Rhabdias bufonis is a species of parasitic nematode in the family Rhabdiasidae. It was first described from the lungs of the European common toad (Bufo bufo) but has also been found in a number of other species of frog.

==Life cycle==
Rhabdias bufonis has a heterogonic lifestyle in which a generation of parasitic individuals is succeeded by a free-living generation.
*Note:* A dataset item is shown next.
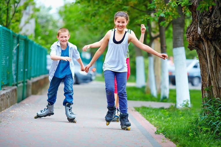 На фото изображены компания друзей , катающиеся на роликовых коньках . слева от них деревья , обмазанные специальным средством, но одно дерево отличается от других . А также возле них зелёная трава и листья от самих деревьев .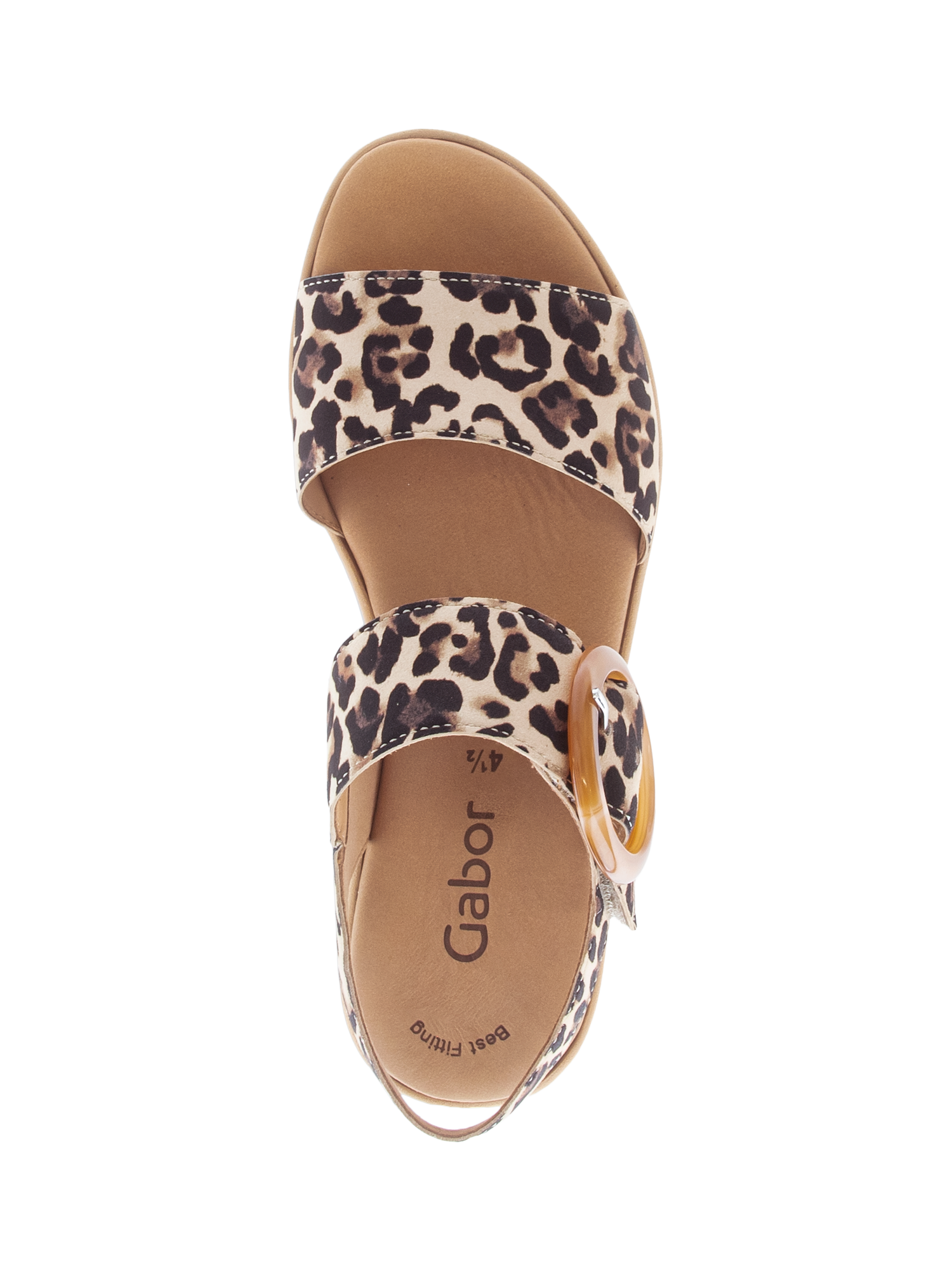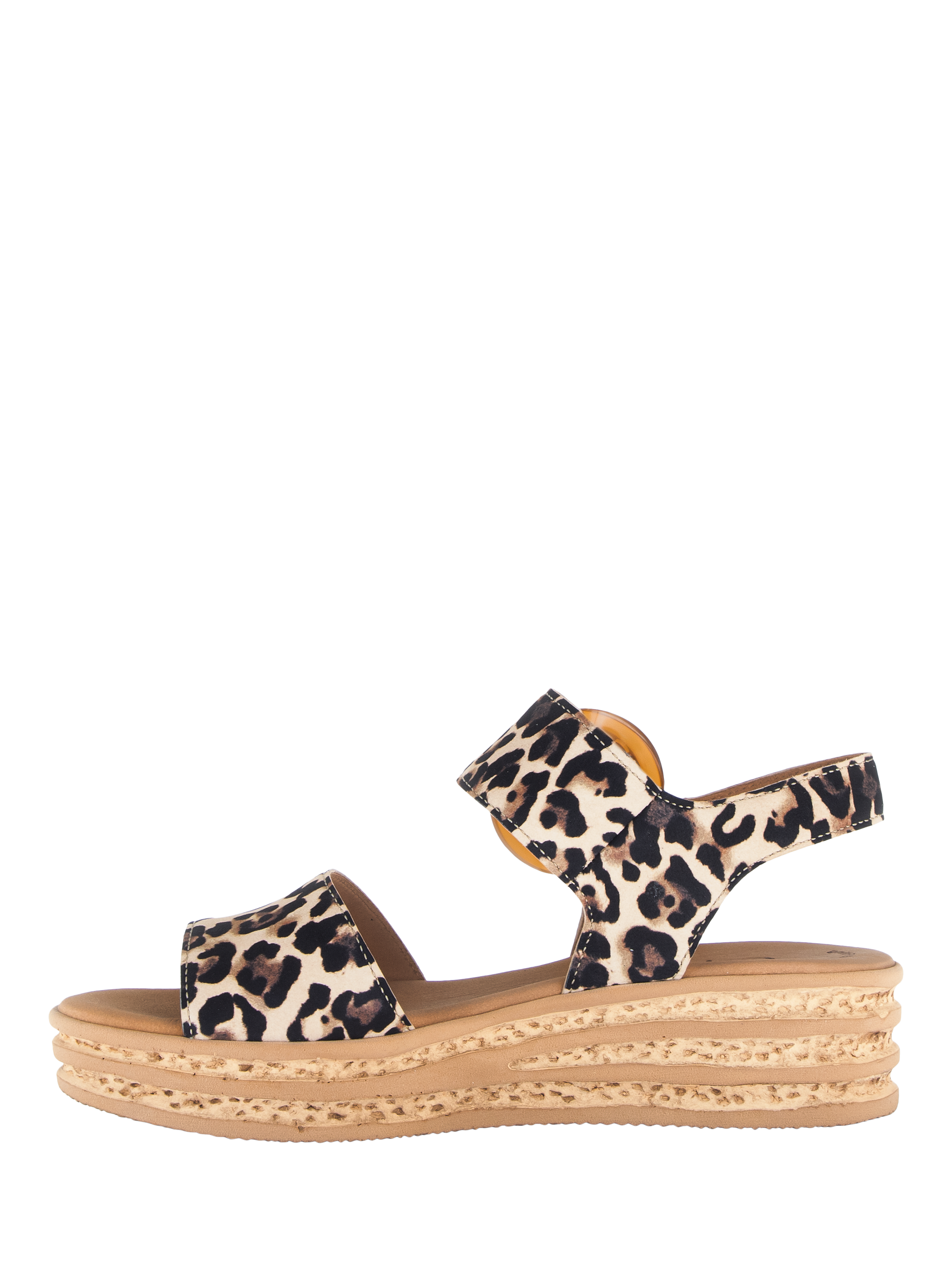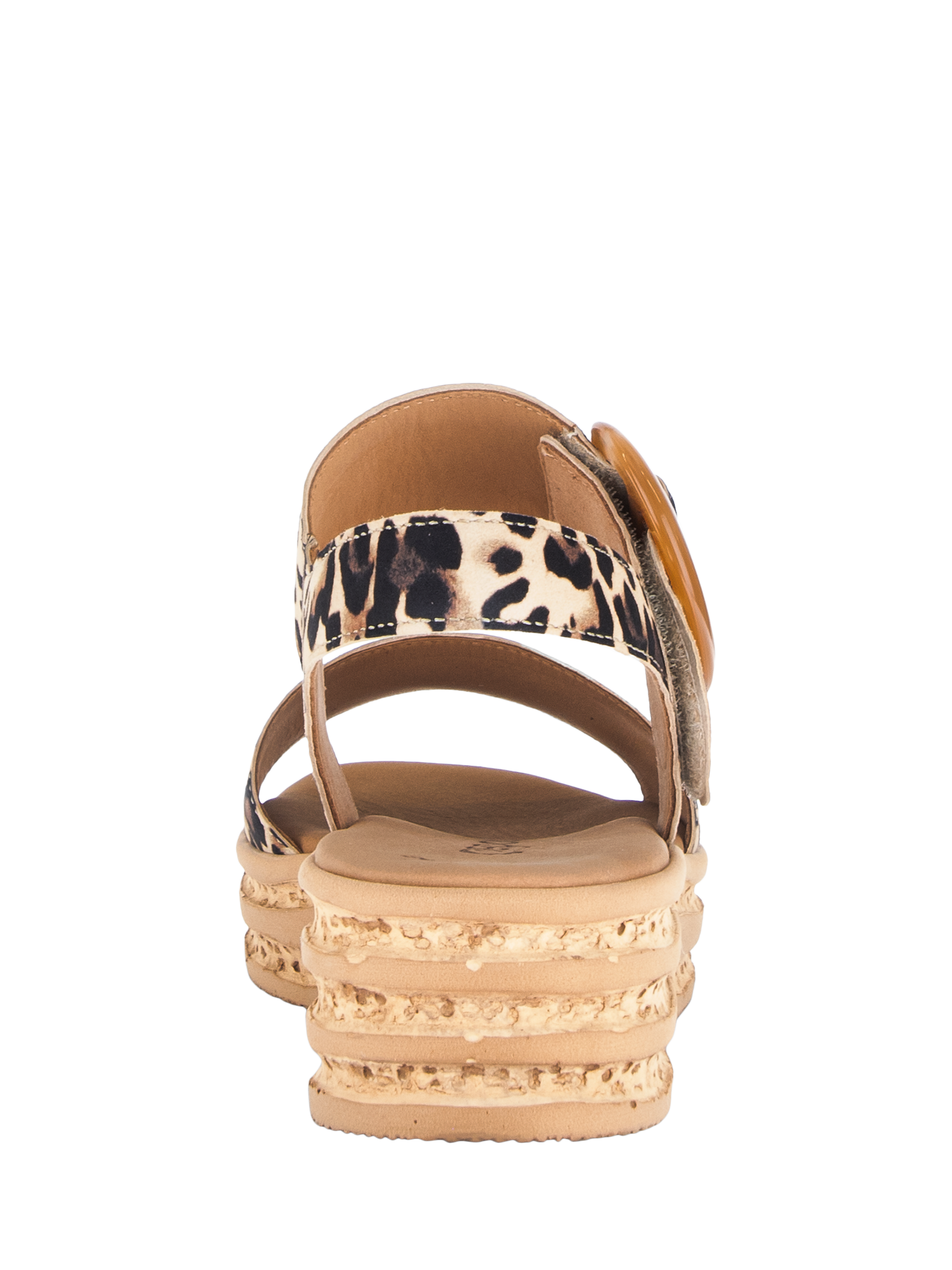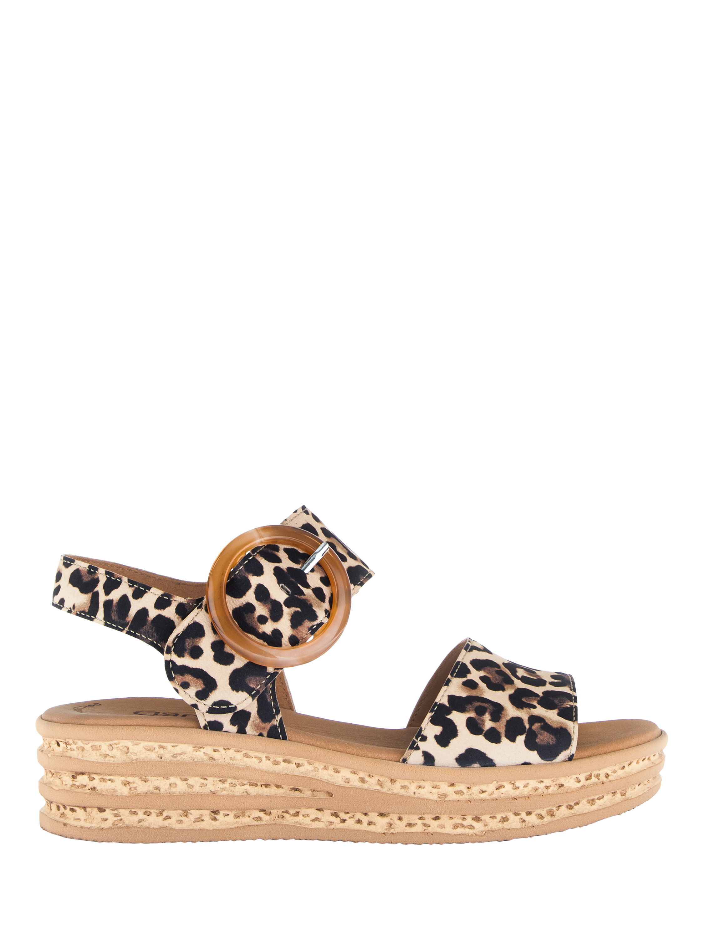 A slingback platform leopard print sandal with a large buckle detail on a cork heel.

This is advantageous to the parasite as it allows reproduction for one or more generations in the absence of the host. The free-living male and female worms mate and produce eggs which hatch inside the mother. They feed on her internal organs and moult twice before they leave her body. They are now infective larvae and can penetrate the skin of a frog. Once inside, they can migrate to the lungs and further develop there, feeding on the lung tissue. The adult parasitic worm is a hermaphrodite and grows to be about ten times the length of the free-living form. The eggs it produces are coughed into the frog's mouth, are swallowed and develop in its intestine. They are passed in the feces and develop into free-living forms. In the soil, the worms feed on bacteria and other organic matter. The female may produce a pheromone to attract a male.

==Parasitism==
Rhabdias bufonis is found in the parts of Europe and Asia in which its host frogs are found. Besides the common toad from which this roundworm was first described, it has been found in the common spadefoot toad (Pelobates fuscus), the common frog (Rana temporaria), the moor frog (Rana arvalis), the agile frog (Rana dalmatina), the European fire-bellied toad (Bombina bombina), the yellow-bellied toad (Bombina variegata), water frogs (Pelophylax spp.) and the European green toad (Bufo viridis).

Juvenile frogs are often infected and a heavy worm burden can seriously restrict their growth. In a study, some of the infected juveniles were only half as heavy as controls with no worms. The parasite-induced anorexia caused a decrease in food intake and some of the young host frogs died.